If a person decides not to join the JW religion, does it mean he is intelligent?
That's the point I've been making all along, Drearyweather.
One can find an answer, often by simply turning a question on its head. There are stupid people who are atheists--I know.
I dated a guy who was an idiot, and he didn't believe in God. Neither did a single member in his family. All of them college grads. But the son, turns out, not so smart--or honest or good, either. And he made an active decision not to be a JW or to believe in any type of God too.
Choosing to become a JW doesn't not make one instantly stupid, nor does deciding to avoid them guarantee intelligence.
Personal values, which religion is, is emotion. Intelligence plays little part in these type of choices.

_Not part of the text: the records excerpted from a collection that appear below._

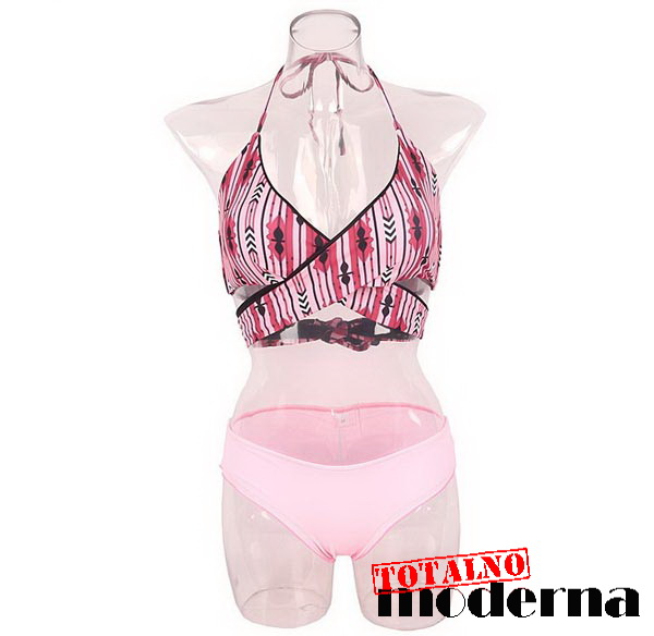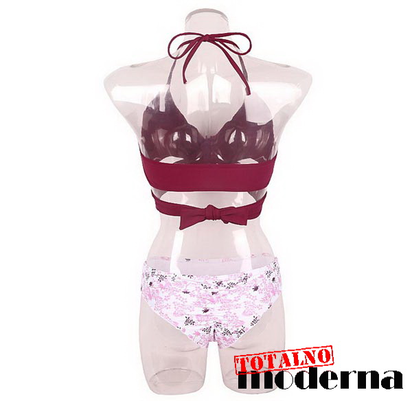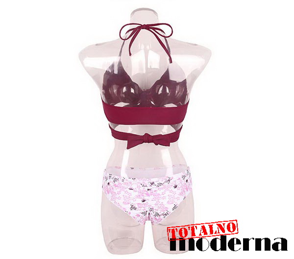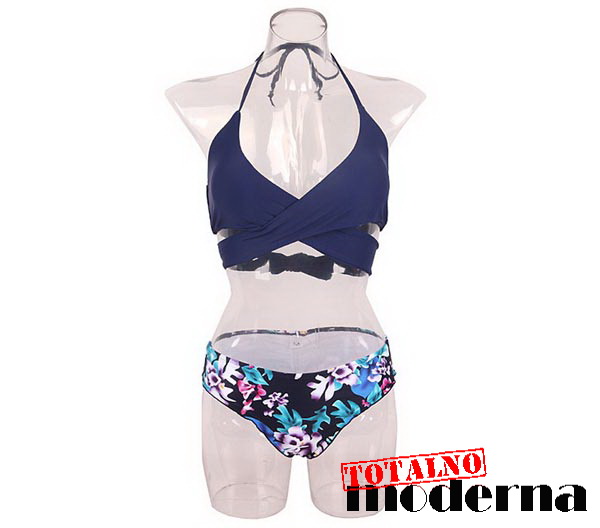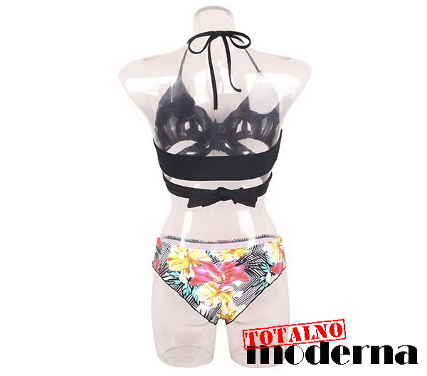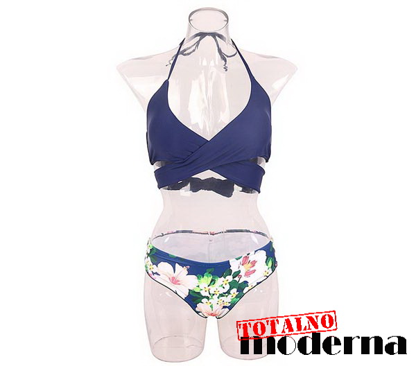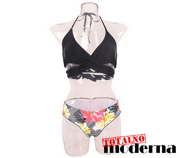Kupaći kostimi iz dva dela nova sezona. Dvodelni kupaći kostimi kojima je gornji deo jednobojan a donji je u cvetnom dezenu sa blagim karnerom na rubu.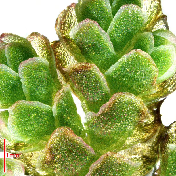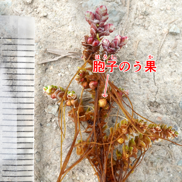 視覚的にもわかりやすい特徴。 葉の長さは但馬型で1~2mmになり、 1mmを下回ることが多い外来アゾラよりも明らかに大きくなります。 さらに、 但馬型は葉が正方形になる傾向があります。 植物体全体も但馬型のほうが大きめですが、 湧水地では外来アゾラも大きくなることがあります。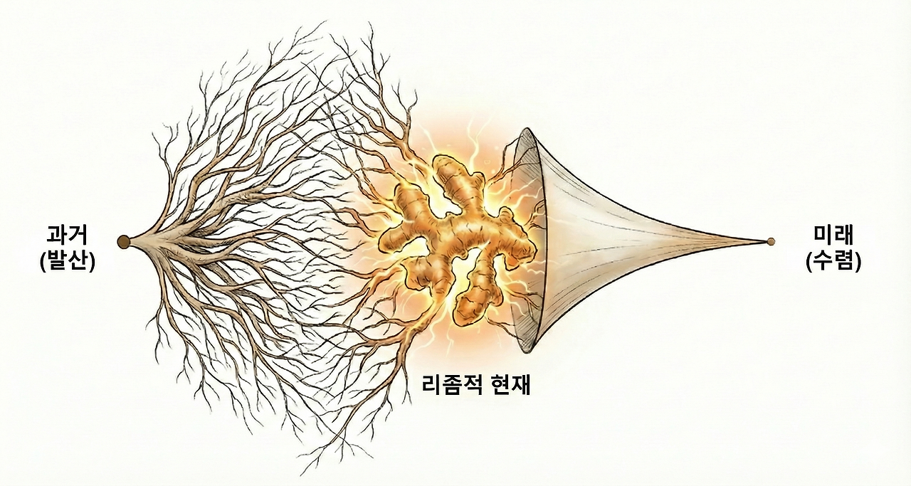 · 리좀 개념 적용해 과거의 무한한 해석과 미래의 구체적 선택이 현재에서 만남.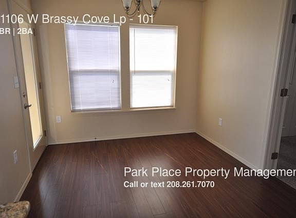 SCHEDULE A SHOWING ONLINE AT: showmojo.com/lh/2ed89140f1 Welcome to Brassy Cove Loop, where your newer 2bed/2bath apartment home awaits! These apartments are in an ideal location, near the freeway, schools, shopping, Edwards Cinema, and NNU. All apartments are over 1000 square feet with a very modern layout and come fully loaded with a refrigerator, dishwasher, oven/range, microwave, and a full size washer/dryer. In addition, there is a three tier window, and area a very functional living room. The kitchen has a marvelous layout, including energy star appliances, granite countertops, beautiful dark wood with plenty of shelving to keep you organized! The master bedroom is in the back of the home, very private bath, has a large closet, and luxurious bathroom. In the middle is the kitchen the opens directly into the oversized living area for access to television, and breakfast bar. The guest bedroom is just as spacious and includes an extra deep closet on the opposite end of the apartment. If this floor plan does not fit you, there is another one to choose from. Both will include tile and hardwood floors with beautiful carpet throughout, and W/D! In addition to these wonderful apartments there is a luxurious clubhouse, with modern furniture, a full sized gym with state of the art equipment, as well as a sparkling pool, and adventurous play port! These 4-plexes are a MUST SEE...they will go quickly Call 208-505-0195 for more information or visit www.parkplaceid.com to apply. Tenants will be charged $10 per month, in addition to rent, for furnace filter delivery service. **This information is deemed reliable but not guaranteed. Information is subject to change.** **The available date for property is an estimate only, Park Place cannot guarantee the date available for move in until the home has been vacated and prepared for a new renter. ** Security Deposit: 600 Parking: 1 Designated Lease Length: 9 or 12 Subdivision: Brassy Cove Nearest Cross Street: Flamingo/Middleton Square Footage: 1000 Floorplans: A Virtual Tour: Date Property Available for Viewing: 2017/4/13 House Number: 11106 Bathroom: 2 Bedrooms: 2 Pets: Size Limited 50lbs (additional deposit may be required) Utilities Included: WST Price Specials: none Balcony Deck Or Patio Breakfast Nook Disposal Dryer Filter Easy Program Granite Countertop Hardwood Floor Laundry Area Inside Nampa Storage Space Washer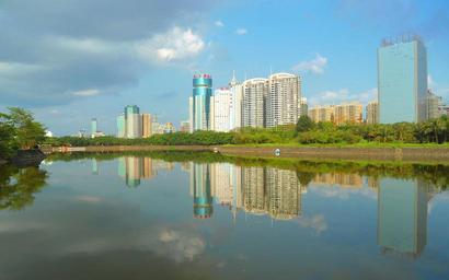 Keywords: haikou china buildings city skyline skyscrapers sky clouds river water reflections trees shoreline outside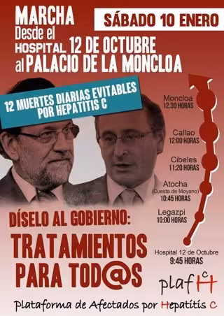 La Plataforma de Afectados por la Hepatitis C (PLAFH) celebra este sábado en Madrid una marcha hasta el Palacio de la Moncloa para exigir al presidente del Gobierno, Mariano Rajoy, que todos los pacientes afectados por el virus sean tratados con los fármacos de última generación que se están autorizando.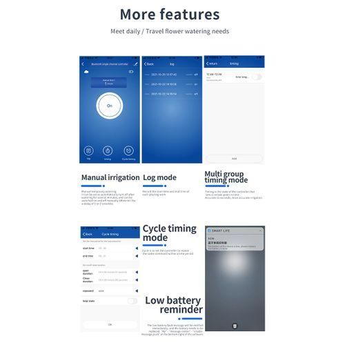 The following is the detailed introduction about our products: 1. Remote Control and Smart Watering: Water hose timer design with Bluetooth 5.0, easy and convenient scheduling through the app within a range of 49.2ft(without interfere); Smart hose timer allow you watering on minutes, hours, specific days of the week.

Part of the reason some on this site may find this hard to swallow is that the Watchtower taught us that choosing religion was an intellectual choice, and that we were "intelligent" for seeing the "facts" and "choosing the Truth" and "reject false religion." Intelligence played no part. The Governing Body was merely toying with us.
In reality--and this may be hard for some of us to swallow--we were just being emotional about what we believed in. We may have used our smarts to get out (hopefully), but there again, we didn't instantly become college grads upon coming out of a cult.
And we left a cult, too. We might like to think that we left a religion behind, because it's easier to swallow. But we didn't leave a religion or religion in general behind. We left a cult.
Especially if we were raised in the JWs, we don't know what it is like to be in a religion and to have religious beliefs and to adopt or reject them. We know only how to be in a cult and to leave one, and that's very different. We may hate all religion (and that's our right), perhaps mainly because JWs taught us to do that, but we may have never been in a religion, just a cult.